Work to be completed – Reproduce exactly the lines below from the one containing "RT86S communication radio" through the one containing "1.등낚골 홈페이지 → (정회원)에깅포인트 게시판을 열람할 수 있습니다.", including both, and nothing else.

Supplied entries –
◇ ◇ ◇ ◇ ◇ ◇ ◇
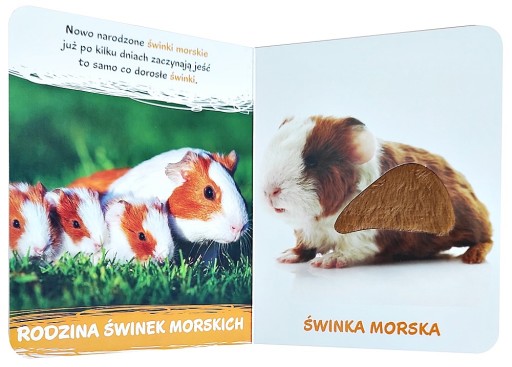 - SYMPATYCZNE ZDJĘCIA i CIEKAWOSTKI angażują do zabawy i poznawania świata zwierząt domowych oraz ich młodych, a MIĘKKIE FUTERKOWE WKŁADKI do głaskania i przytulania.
◇ ◇ ◇ ◇ ◇ ◇ ◇
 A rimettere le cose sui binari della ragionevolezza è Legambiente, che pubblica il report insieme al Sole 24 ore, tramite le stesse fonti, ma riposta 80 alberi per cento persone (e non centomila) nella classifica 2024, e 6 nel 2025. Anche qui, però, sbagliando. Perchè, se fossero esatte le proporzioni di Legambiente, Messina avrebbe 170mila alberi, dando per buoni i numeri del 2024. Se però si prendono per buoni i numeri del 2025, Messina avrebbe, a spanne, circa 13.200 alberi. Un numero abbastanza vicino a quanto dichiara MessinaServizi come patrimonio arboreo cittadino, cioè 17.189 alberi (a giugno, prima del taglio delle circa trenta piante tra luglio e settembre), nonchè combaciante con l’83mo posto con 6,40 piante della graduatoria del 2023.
◇ ◇ ◇ ◇ ◇ ◇ ◇
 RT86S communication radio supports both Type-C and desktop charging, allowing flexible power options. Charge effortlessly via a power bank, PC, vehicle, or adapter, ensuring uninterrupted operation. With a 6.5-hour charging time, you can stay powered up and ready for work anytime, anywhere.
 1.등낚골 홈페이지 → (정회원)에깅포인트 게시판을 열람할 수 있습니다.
◇ ◇ ◇ ◇ ◇ ◇ ◇
Answer box –
 RT86S communication radio supports both Type-C and desktop charging, allowing flexible power options. Charge effortlessly via a power bank, PC, vehicle, or adapter, ensuring uninterrupted operation. With a 6.5-hour charging time, you can stay powered up and ready for work anytime, anywhere.
 1.등낚골 홈페이지 → (정회원)에깅포인트 게시판을 열람할 수 있습니다.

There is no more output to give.